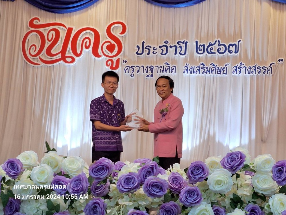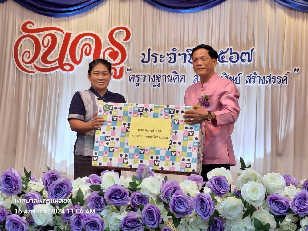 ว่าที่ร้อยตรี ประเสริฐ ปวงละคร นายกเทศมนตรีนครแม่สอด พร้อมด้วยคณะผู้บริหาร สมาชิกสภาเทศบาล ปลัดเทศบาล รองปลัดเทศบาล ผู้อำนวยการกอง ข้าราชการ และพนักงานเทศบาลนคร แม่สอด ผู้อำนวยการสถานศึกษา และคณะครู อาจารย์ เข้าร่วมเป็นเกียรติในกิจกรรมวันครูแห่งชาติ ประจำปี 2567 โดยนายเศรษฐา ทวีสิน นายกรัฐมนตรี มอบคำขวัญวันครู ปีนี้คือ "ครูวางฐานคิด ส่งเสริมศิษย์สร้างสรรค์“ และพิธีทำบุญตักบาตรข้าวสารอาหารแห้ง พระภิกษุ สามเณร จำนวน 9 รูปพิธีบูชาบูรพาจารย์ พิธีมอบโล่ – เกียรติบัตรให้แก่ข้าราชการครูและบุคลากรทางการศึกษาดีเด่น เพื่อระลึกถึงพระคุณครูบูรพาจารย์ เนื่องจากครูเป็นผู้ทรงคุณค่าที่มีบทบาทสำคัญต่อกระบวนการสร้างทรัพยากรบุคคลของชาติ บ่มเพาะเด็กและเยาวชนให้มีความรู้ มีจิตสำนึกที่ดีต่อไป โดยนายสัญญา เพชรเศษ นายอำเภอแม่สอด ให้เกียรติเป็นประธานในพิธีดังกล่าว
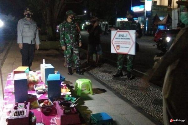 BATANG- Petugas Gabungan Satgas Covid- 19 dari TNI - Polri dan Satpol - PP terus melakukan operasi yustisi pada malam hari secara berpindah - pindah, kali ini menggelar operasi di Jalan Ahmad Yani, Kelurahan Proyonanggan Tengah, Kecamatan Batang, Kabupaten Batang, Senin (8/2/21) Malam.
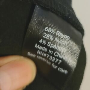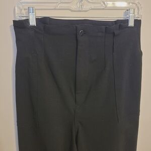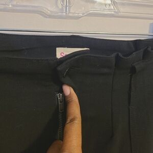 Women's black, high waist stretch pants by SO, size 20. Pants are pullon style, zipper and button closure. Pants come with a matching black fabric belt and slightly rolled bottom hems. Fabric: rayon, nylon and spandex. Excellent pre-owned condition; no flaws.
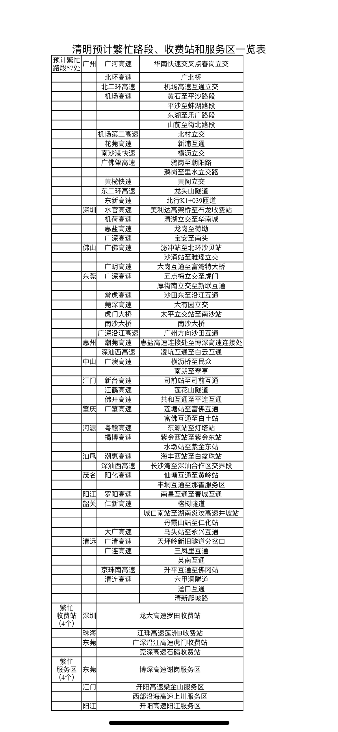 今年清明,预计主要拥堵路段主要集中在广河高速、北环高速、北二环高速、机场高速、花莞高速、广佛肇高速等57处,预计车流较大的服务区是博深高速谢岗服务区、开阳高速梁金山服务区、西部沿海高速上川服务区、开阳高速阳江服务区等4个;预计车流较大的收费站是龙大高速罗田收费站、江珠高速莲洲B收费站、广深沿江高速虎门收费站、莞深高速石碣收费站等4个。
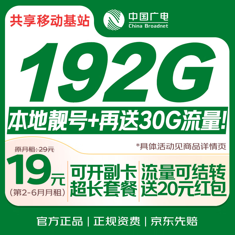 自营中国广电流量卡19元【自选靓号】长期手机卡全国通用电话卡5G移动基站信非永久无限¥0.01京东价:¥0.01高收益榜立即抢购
--
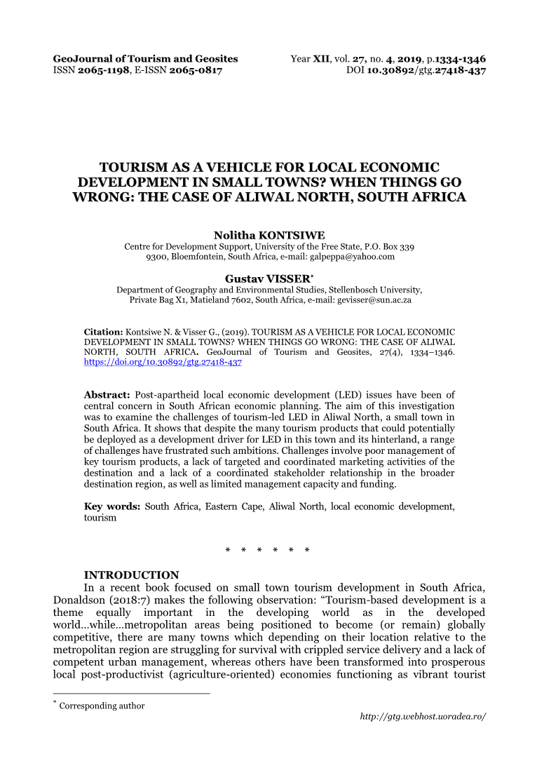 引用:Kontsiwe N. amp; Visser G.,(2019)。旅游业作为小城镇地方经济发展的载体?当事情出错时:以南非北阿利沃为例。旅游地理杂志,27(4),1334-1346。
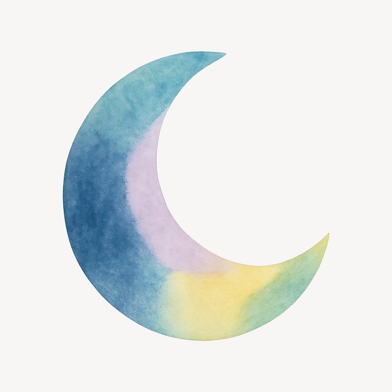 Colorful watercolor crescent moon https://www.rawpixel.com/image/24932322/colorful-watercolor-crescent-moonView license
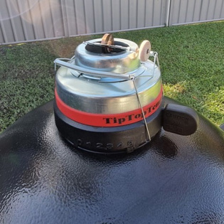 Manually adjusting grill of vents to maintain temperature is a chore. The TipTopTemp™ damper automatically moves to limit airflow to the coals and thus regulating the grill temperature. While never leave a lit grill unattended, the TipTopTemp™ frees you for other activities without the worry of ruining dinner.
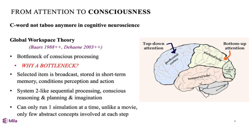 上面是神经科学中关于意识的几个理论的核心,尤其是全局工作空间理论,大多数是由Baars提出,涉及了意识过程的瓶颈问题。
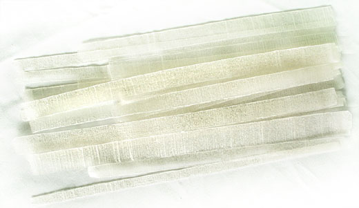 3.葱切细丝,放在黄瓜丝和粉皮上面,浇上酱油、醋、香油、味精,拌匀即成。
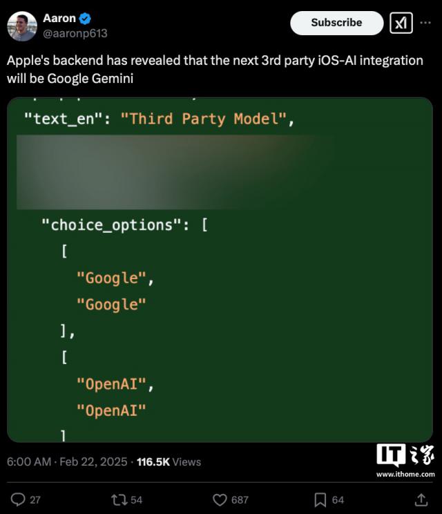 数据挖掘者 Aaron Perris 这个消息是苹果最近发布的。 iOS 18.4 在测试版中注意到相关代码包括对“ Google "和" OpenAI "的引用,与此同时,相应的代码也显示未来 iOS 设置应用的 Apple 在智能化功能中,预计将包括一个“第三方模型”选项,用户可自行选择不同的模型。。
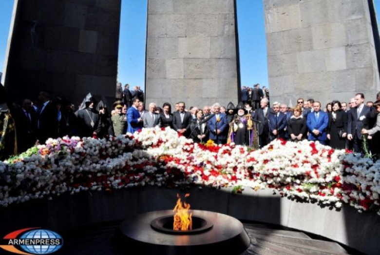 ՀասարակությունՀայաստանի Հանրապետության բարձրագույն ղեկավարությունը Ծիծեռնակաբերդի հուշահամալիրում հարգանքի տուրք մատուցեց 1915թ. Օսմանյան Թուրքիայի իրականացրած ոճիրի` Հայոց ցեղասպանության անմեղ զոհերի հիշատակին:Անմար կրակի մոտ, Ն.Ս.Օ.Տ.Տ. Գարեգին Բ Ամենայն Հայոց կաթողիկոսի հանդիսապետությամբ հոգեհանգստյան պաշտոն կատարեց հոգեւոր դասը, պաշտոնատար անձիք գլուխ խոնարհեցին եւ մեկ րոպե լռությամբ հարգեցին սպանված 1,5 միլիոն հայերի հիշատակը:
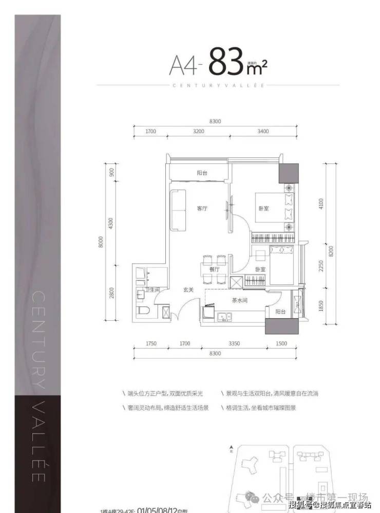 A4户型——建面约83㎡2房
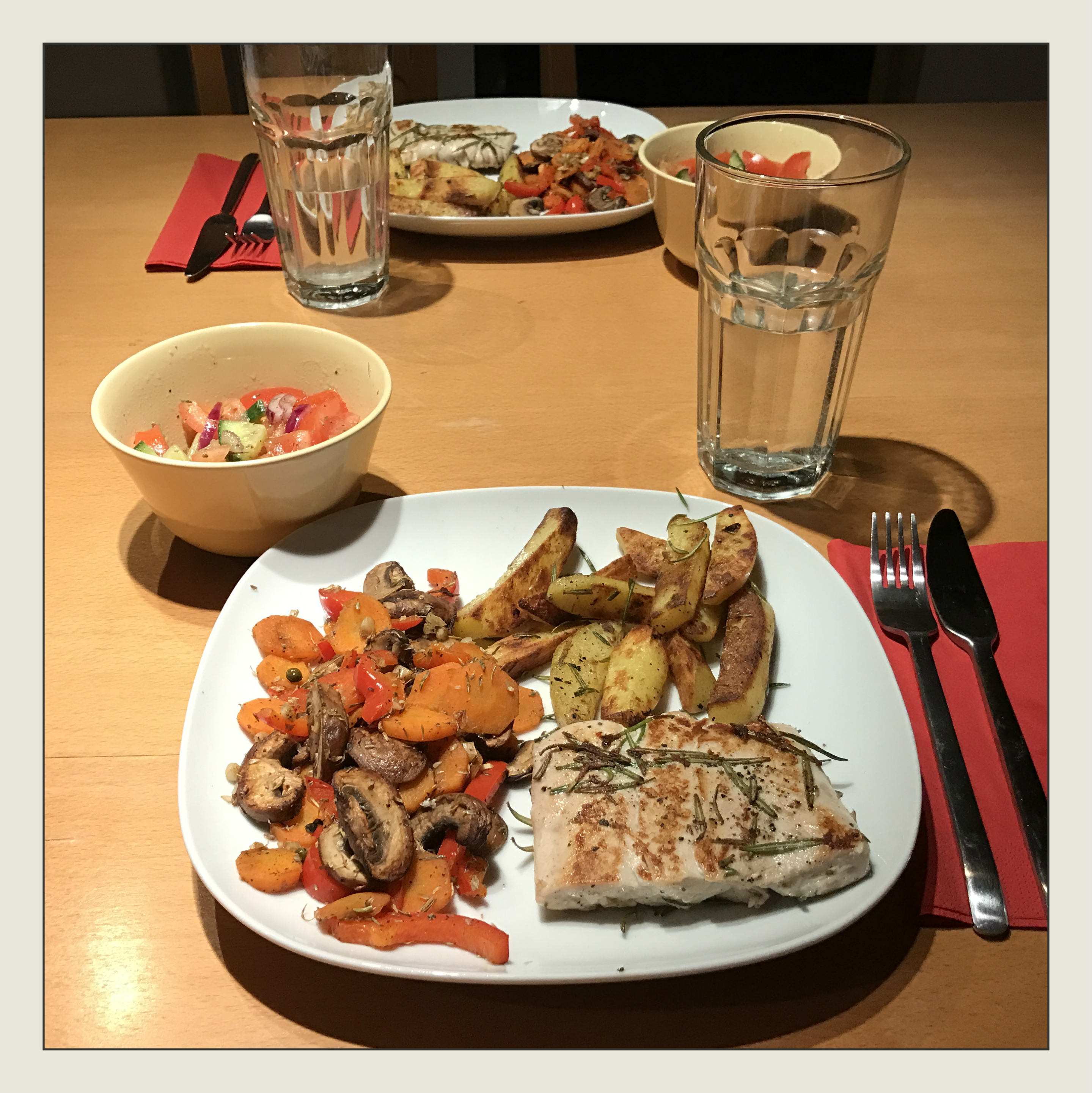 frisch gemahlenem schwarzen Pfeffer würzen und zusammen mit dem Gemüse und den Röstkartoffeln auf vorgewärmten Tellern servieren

• _EXERCISE_: Each line between the one holding "3.葱切细丝,放在黄瓜丝和粉皮上面,浇上酱油、醋、香油、味精,拌匀即成。" and the one holding "frisch gemahlenem schwarzen", inclusive, should be copied exactly as it appears above, and pictures should be omitted.

• _ANSWER BELOW_:
 3.葱切细丝,放在黄瓜丝和粉皮上面,浇上酱油、醋、香油、味精,拌匀即成。
 数据挖掘者 Aaron Perris 这个消息是苹果最近发布的。 iOS 18.4 在测试版中注意到相关代码包括对“ Google "和" OpenAI "的引用,与此同时,相应的代码也显示未来 iOS 设置应用的 Apple 在智能化功能中,预计将包括一个“第三方模型”选项,用户可自行选择不同的模型。。
 ՀասարակությունՀայաստանի Հանրապետության բարձրագույն ղեկավարությունը Ծիծեռնակաբերդի հուշահամալիրում հարգանքի տուրք մատուցեց 1915թ. Օսմանյան Թուրքիայի իրականացրած ոճիրի` Հայոց ցեղասպանության անմեղ զոհերի հիշատակին:Անմար կրակի մոտ, Ն.Ս.Օ.Տ.Տ. Գարեգին Բ Ամենայն Հայոց կաթողիկոսի հանդիսապետությամբ հոգեհանգստյան պաշտոն կատարեց հոգեւոր դասը, պաշտոնատար անձիք գլուխ խոնարհեցին եւ մեկ րոպե լռությամբ հարգեցին սպանված 1,5 միլիոն հայերի հիշատակը:
 A4户型——建面约83㎡2房
 frisch gemahlenem schwarzen Pfeffer würzen und zusammen mit dem Gemüse und den Röstkartoffeln auf vorgewärmten Tellern servieren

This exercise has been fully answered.